Carino/a (“cute”) might look like the diminutive version of caro/a, which means “dear”. So it would be translated as “little dear”. However, if there ever was any relation between the two words, it’s been lost with time, and caro and carino have unrelated meanings.

Italians love to exclaim how cute things are. In fact, it’s quite frequent to hear them say Ma che carino/a! (“So cute!”) in response to almost any statement that has the bare minimum of cuteness involved.

Example: “My sister brought my grandma some apples.” “Ma che carina!

“I Miss You” in Italian

Sometimes, telling a person that you miss them is even more powerful than telling them you love them.

If your Italian partner asks you ti manco?, they want to know if you miss them, in which case you can answer mi manchi (“I miss you”).

To add more meaning to your words, you can say mi manchi tanto (“I miss you so much”) or mi manchi troppo (“I miss you too much”).

Other Italian ways to tell a person that you miss them include:

  • Ti penso sempre. (“I’m always thinking of you.”)
  • Senza di te non sono niente. (“I am nothing without you.”)
  • Non voglio vivere senza di te. (“I don’t want to live without you.”)

“Good Morning, Beauty” in Italian

Waking up to the sunshine next to your significant other can bring on some romantic feelings so you want to greet them in the best way possible.

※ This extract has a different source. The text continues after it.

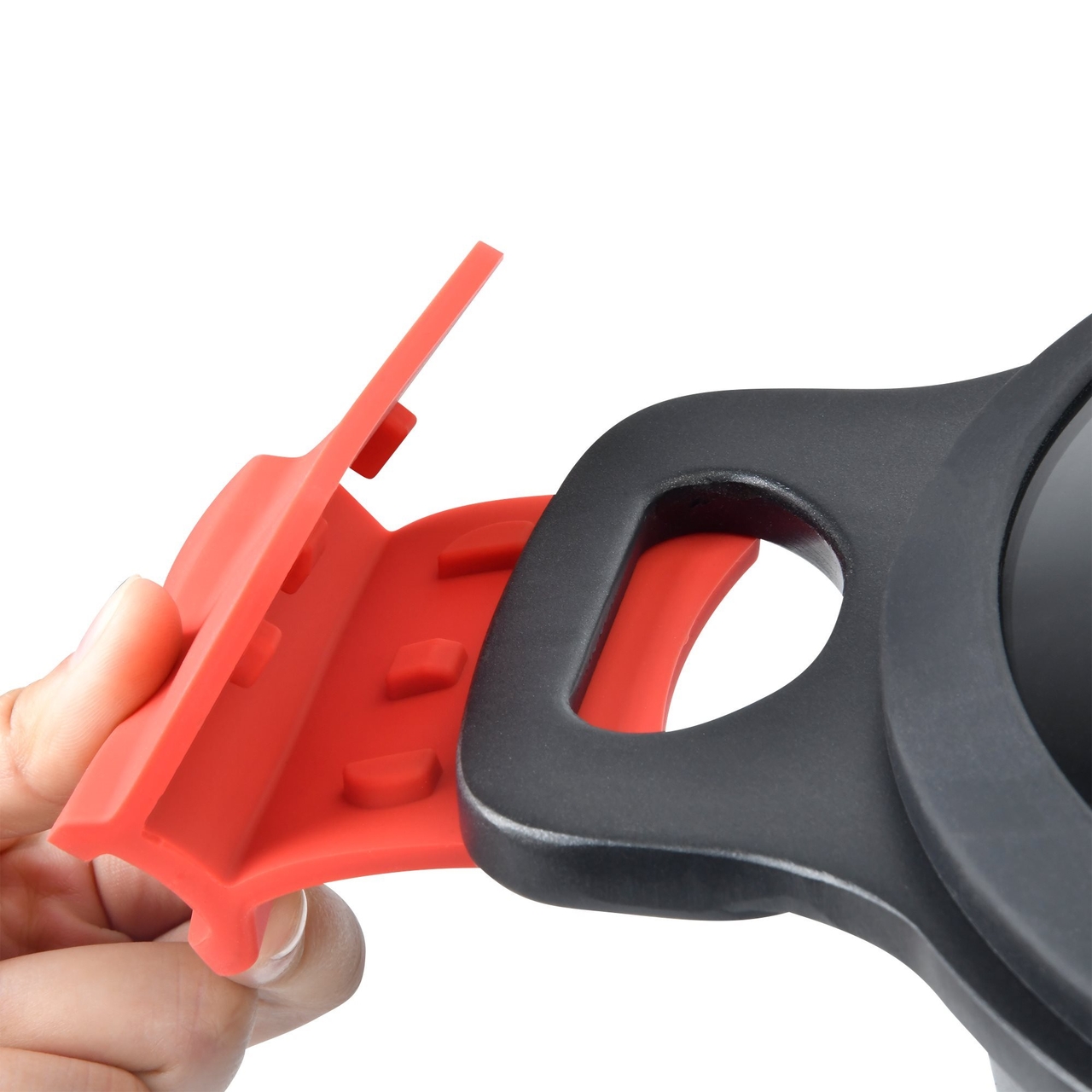 Capacele din sticla temperata prezinta un orificiu de evacuare a aburului, Margine din silicon si maner moale.

If you’re in the mood for slight playfulness, you can say Buongiorno, bellezza! (“good morning, beauty!” to a woman) or Buongiorno, bello! (“Good morning, handsome!” to a man).

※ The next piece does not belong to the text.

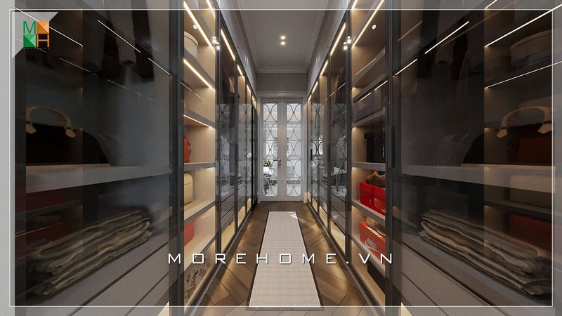 Thiết kế nhà phố có phòng để đồ sang trọng hiện đại, tủ gỗ kết hợp kính ấn tượng.

Otherwise you can play it romantic and opt for a buongiorno, tesoro (“good morning, treasure”) or buongiorno, amore (“good morning, love”).

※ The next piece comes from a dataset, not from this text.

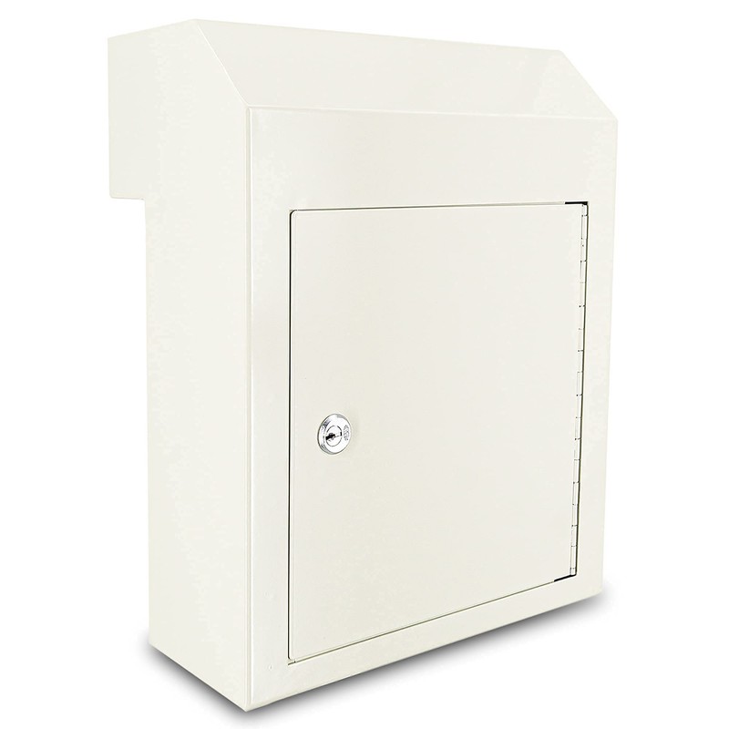 - REAR DOOR WITH LOCK: The drop box can only be opened in the back with a designated key. The mail slot on the front is only designed for receiving items and cannot be pried open.

“Good Night, My Love” in Italian

When the day’s up, it’s time to wish a good night to your loved one. Buona notte, amore (“good night, love”) or buona notte, amore mio (“good night, my love”) work perfectly fine for that. You can even display some gentlemanly tenderness and wish them a buona notte, caro/a (“good night, my dear”), a phrase favored by married couples.

“Sweet Dreams” in Italian

To be a little sweeter than the basic “good night”, try wishing sogni d’oro (“sweet dreams”, literally “dreams of gold”). It’s a very common and nice “little plus” among Italians. You can even say sogni d’oro, tesoro (“sweet dreams, my treasure”) – which could result in a Ma che carino! from your love’s grandmother when she hears about it.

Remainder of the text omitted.